Leo Tolstoy’s What I Believe

Over spring break, I also read Leo Tolstoy’s What I Believe. In this book, he relates his personal journey from atheism to his version of Christianity. Earlier in his life, he had no use for religion. During these years he wrote his novels and other famous works. But then, finding something lacking in himself, he turned to the church and began reading the Gospels. Soon, however, he noticed that the church did not follow the words of Christ. In Tolstoy’s view, the church was entrenched in the sacraments and rituals, but neglected to follow the command “do not resist evil.”

It was this command which Tolstoy believed was the true essence of Jesus’s teaching. Everything in his interpretation revolved around this command. Thus, Tolstoy’s favorite (and in some ways only) passage to interpret from was the sermon on the mount. Like later liberals, he argued for the brotherhood of man and the fatherhood of God. Like anabaptists, he argued for complete pacifism and the renunciation of oaths to the state. Like conservatives, he believed that Jesus was God.

But then, the weirdness crept in. For about half of the book, his exegesis was ok and, in some places, excellent. But then, he abandoned all that for his ideas which he seemed to draw from Buddhism. He first denied that the resurrection would be corporeal and individual. Instead, every Christian would be raised and be united into God—the One. All would become one in him. He also absolutely denied original sin (in any form) and argued that man was basically good. He also believed that if all men just tried to live out the sermon on the mount (as he interpreted it) then the whole world would be at peace. Then the kingdom of God would come.

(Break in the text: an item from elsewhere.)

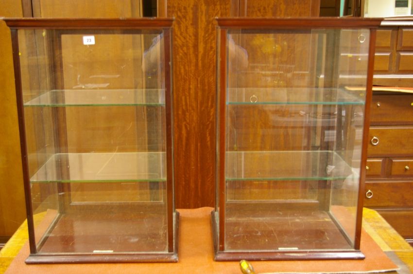 A PAIR OF VICTORIAN MAHOGANY DISPLAY CABINET by Rudduck & Co, Shopfitters, London, rear opening doors with brass fitting and interior glass shelves, 76.25 cms high, 48.75 cms wide, 39.5 cms deep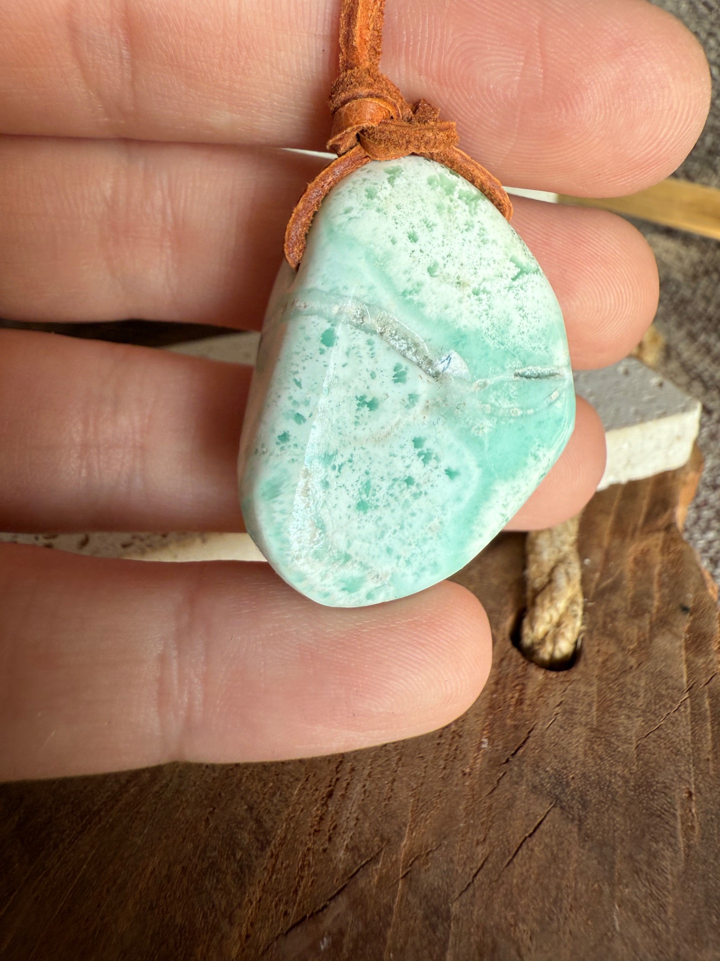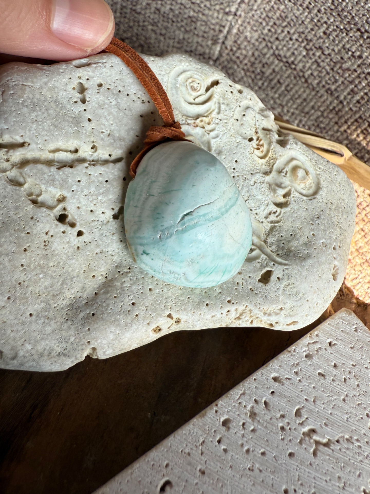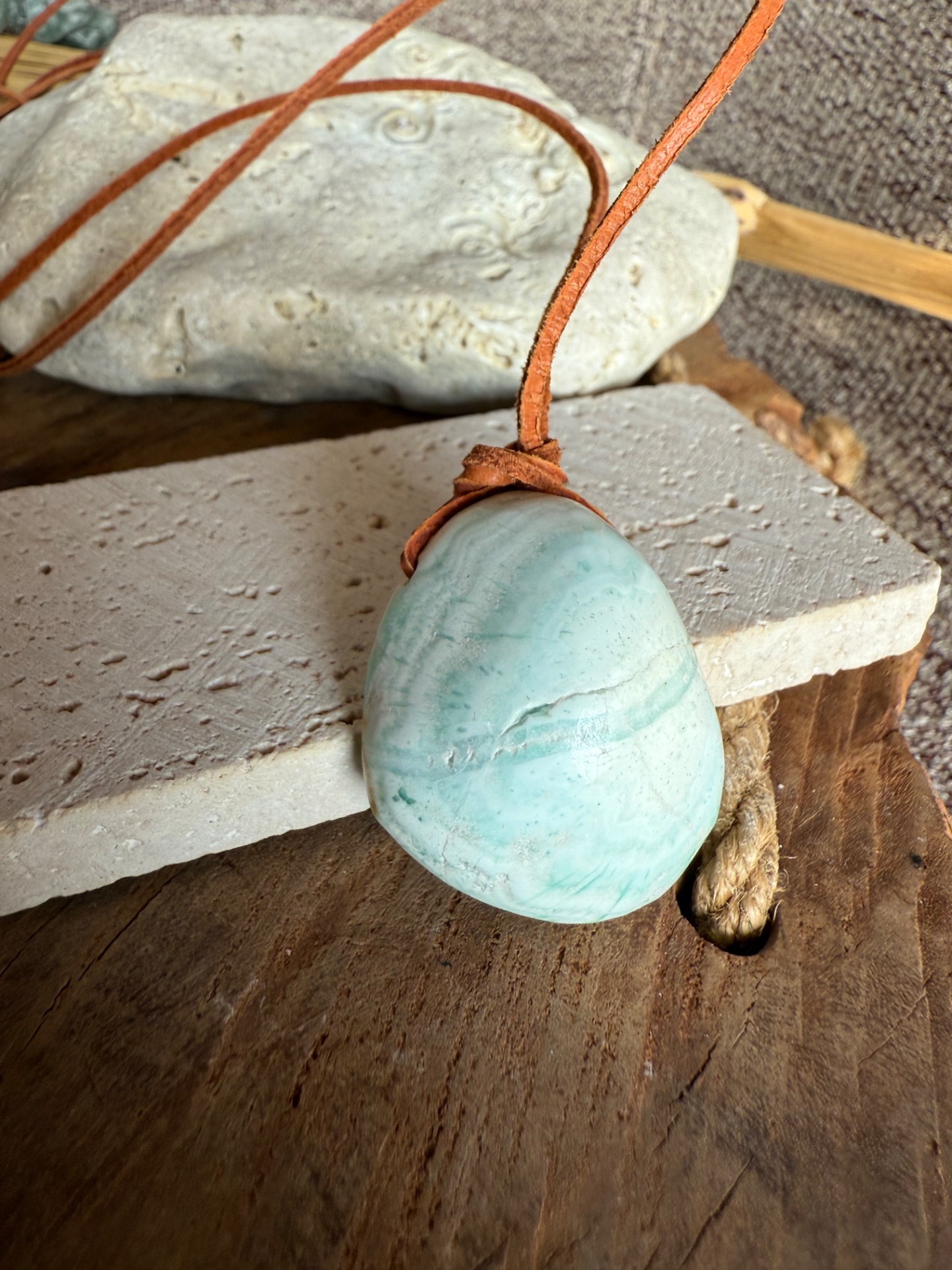 Kameň je tromlovaný do nepravidelného tvaru a vrtaný zhora. Je zavesený na koženej šnúrke.

Tolstoy was a weird mix of theologies. So, in one since, his claim to have come up with a new theology was right. Well, to be more precise, he said he found the theology that the church had lost. His views, however, were more of a hodgepodge of other sects rather than just his own. He was driven by he distaste for war and conflict (and the church). In the end, I’m not sure you could truly call him Christian. He preferred the teaching of Christ. But it was his version of Christ that he portrayed. Anything in the Bible that seemed to contrast his view of Christ he would either ignore or twist to fit his perspective.

I probably wouldn’t read this book again or for the first time if I had the chance. And, unless you’re doing research into Tolstoy or Russian theologies in the 1800s, I wouldn’t recommend it to you.